I know that I missed a lot of things from not knowing where to put my focus. The score zigzagged over the line between noise and music so much that I failed to recognize meaningful musical references when they came up. My friend who watches a lot more contemporary dance than I do had to point it out to me. My daughters noticed a lot of movements from kung fu that I didn’t pick up on, even thought I had been told to look for them.
The most obvious differences between ballet and contemporary dance is pointe work. But even a lot of my favorite ballets are barefoot, so that doesn’t bother me. But one thing about contemporary that I have a hard time with is all the walking around. I’ve noticed it at Kaleidoscope performances, and at SIDF earlier this year (that sums up all of my exposure to contemporary dance). Homeland, with its focus on migration, had even more walking around, and honestly, it tested my patience.
But then every time I started to tune out or wonder if these dancers just needed to catch their breath more often than ballerinas, something big would happen and I’d almost miss it.

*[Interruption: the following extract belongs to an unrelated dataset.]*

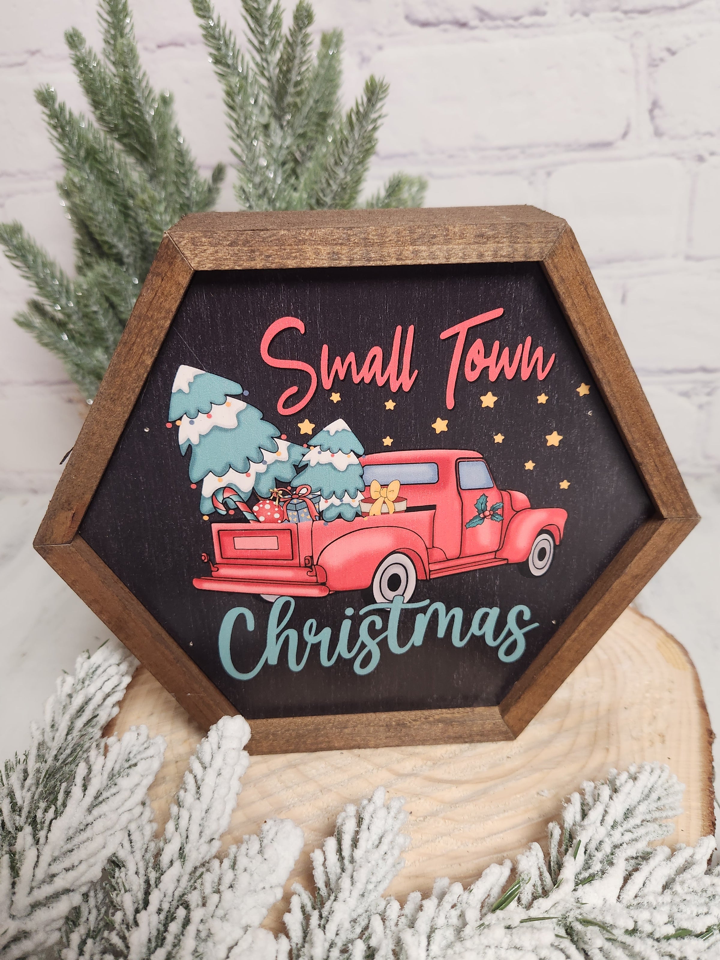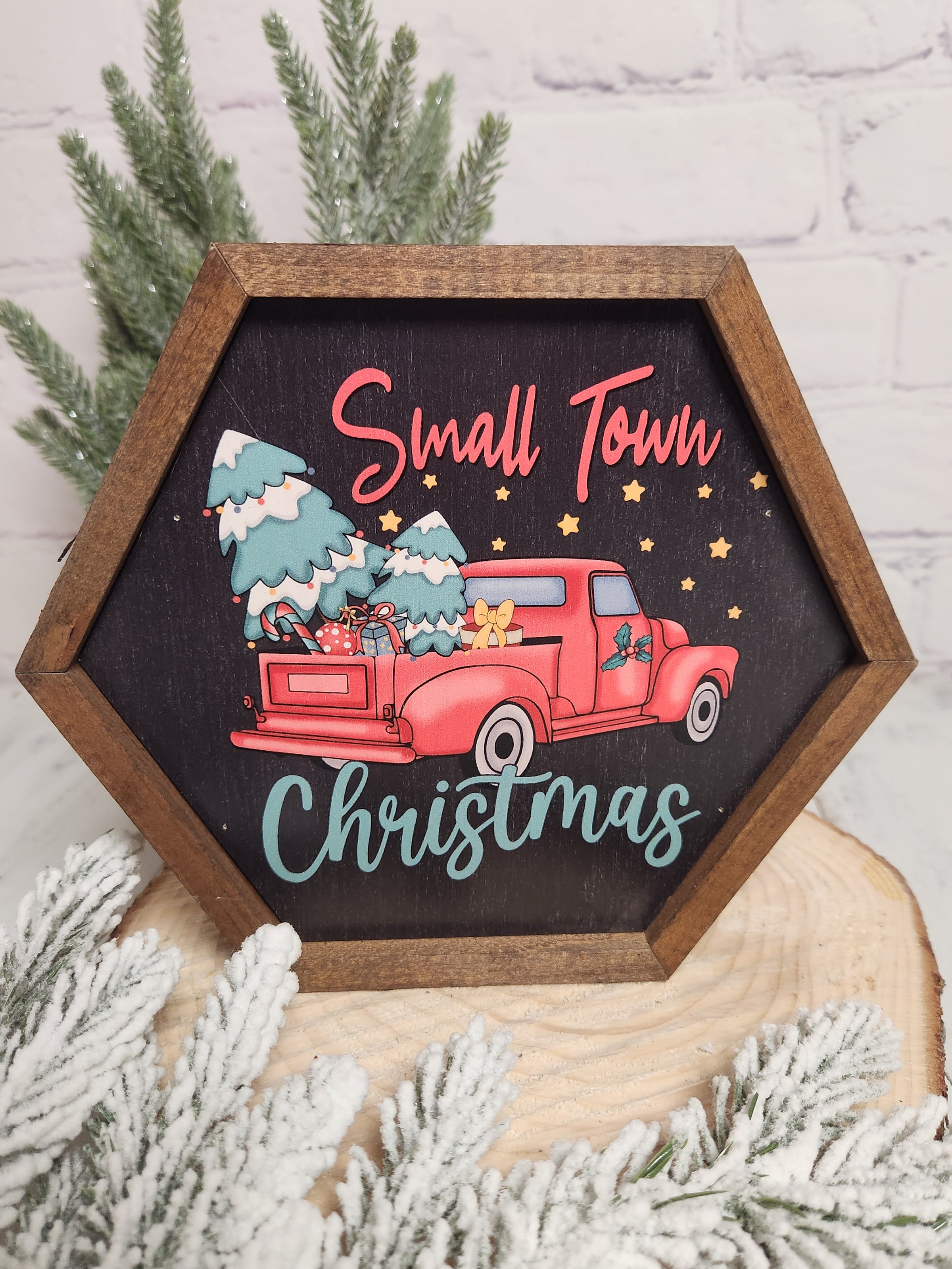 Small Town Christmas Truck Hexagon Wood Sign

There would be something kind of like a lift except in a shape I’d never imagined before. Or I’d think, “Wait, did that person literally just climb a wall?” I appreciate the classical structures underlying ballet, but my favorite moments are when I see completely new movements, and Homeland offered up a lot of them.
Souvenirs from a New Territory
It was humbling to realize that even with such straightforward stories, I had to work at Homeland. As a ballet fan, I can get a little smug about the people who prefer tutu ballets or only want to watch dances created before 1950 (especially because they usually forget the really innovative things that happened in the first half of the 20th century – Limón anyone?). Smug and complacent are really close neighbors, the kind who like to build walls.
I am not the kind who likes to build walls, so in one sense, Homeland was preaching to the choir. (Not that it was actually preaching, because as a teacher once told me, “Art asks questions.”)
Homeland focused a lot on the suffering of those who must replace one homeland for another, but the dancers frenetically stacking blocks and cowering behind them weren’t showing much joy either. But not all walls are literal. Habits of the mind can be confining, too, and one of the most significant reasons for attending performances is to break down the walls you didn’t know you were building.